*Task requirements*
From the line with "Sandales à talons" through the line with "Sold milk chocolate", inclusive, return each line of the data below exactly and leave the rest out.

*Data shown*
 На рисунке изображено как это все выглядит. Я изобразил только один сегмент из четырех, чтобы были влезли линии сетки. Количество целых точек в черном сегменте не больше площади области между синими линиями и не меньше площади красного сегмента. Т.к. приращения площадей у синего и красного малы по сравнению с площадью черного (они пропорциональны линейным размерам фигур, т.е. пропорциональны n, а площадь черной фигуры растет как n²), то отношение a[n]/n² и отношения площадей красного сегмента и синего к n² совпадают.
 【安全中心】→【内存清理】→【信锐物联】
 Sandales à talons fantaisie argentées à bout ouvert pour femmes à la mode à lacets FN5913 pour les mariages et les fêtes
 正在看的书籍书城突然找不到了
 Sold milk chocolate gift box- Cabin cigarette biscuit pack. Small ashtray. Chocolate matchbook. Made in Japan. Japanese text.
==
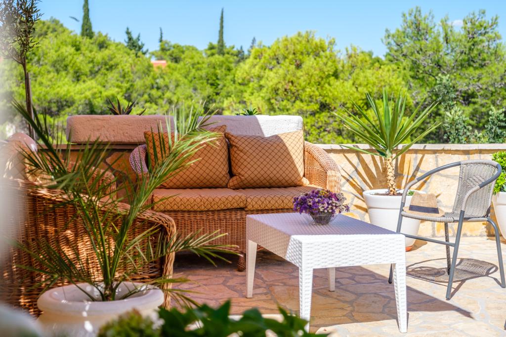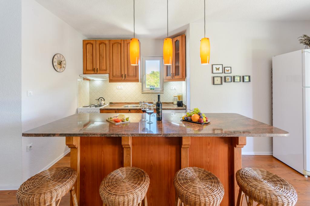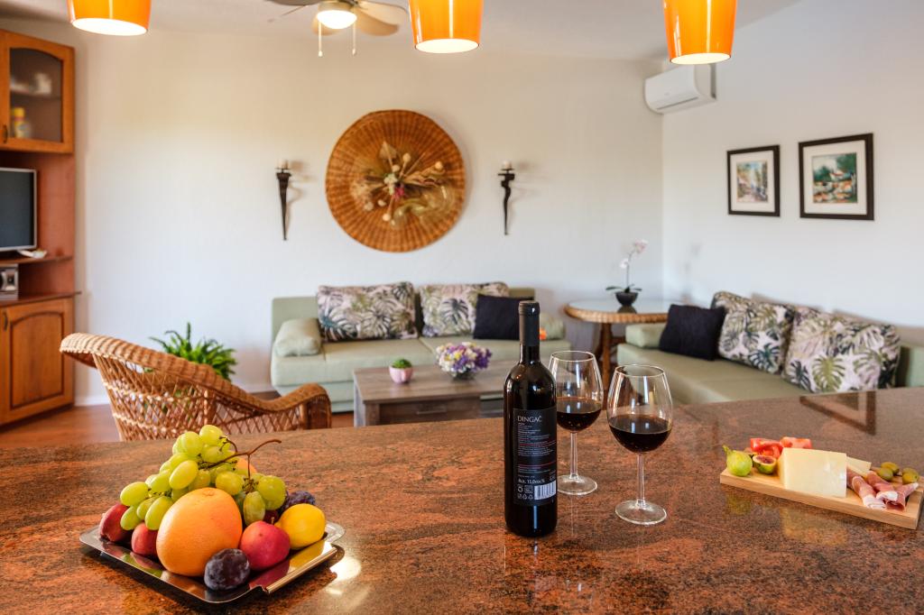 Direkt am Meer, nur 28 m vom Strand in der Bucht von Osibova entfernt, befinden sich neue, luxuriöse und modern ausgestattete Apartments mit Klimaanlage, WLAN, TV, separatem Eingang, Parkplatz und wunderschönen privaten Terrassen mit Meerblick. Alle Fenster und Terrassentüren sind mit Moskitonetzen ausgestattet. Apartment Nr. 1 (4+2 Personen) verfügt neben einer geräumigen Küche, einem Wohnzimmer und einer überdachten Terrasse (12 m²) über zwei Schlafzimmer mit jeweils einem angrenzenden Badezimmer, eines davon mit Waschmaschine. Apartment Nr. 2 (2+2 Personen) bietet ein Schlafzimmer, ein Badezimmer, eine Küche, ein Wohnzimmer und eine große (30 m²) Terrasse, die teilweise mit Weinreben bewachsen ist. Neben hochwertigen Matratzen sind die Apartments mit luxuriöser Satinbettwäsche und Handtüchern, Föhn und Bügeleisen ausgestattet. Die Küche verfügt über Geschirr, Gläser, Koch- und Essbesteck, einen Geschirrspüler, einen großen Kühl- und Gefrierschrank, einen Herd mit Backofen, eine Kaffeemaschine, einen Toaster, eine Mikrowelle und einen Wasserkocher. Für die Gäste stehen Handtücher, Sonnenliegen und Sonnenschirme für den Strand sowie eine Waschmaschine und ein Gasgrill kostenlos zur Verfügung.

*Result of the exercise*
 Sandales à talons fantaisie argentées à bout ouvert pour femmes à la mode à lacets FN5913 pour les mariages et les fêtes
 正在看的书籍书城突然找不到了
 Sold milk chocolate gift box- Cabin cigarette biscuit pack. Small ashtray. Chocolate matchbook. Made in Japan. Japanese text.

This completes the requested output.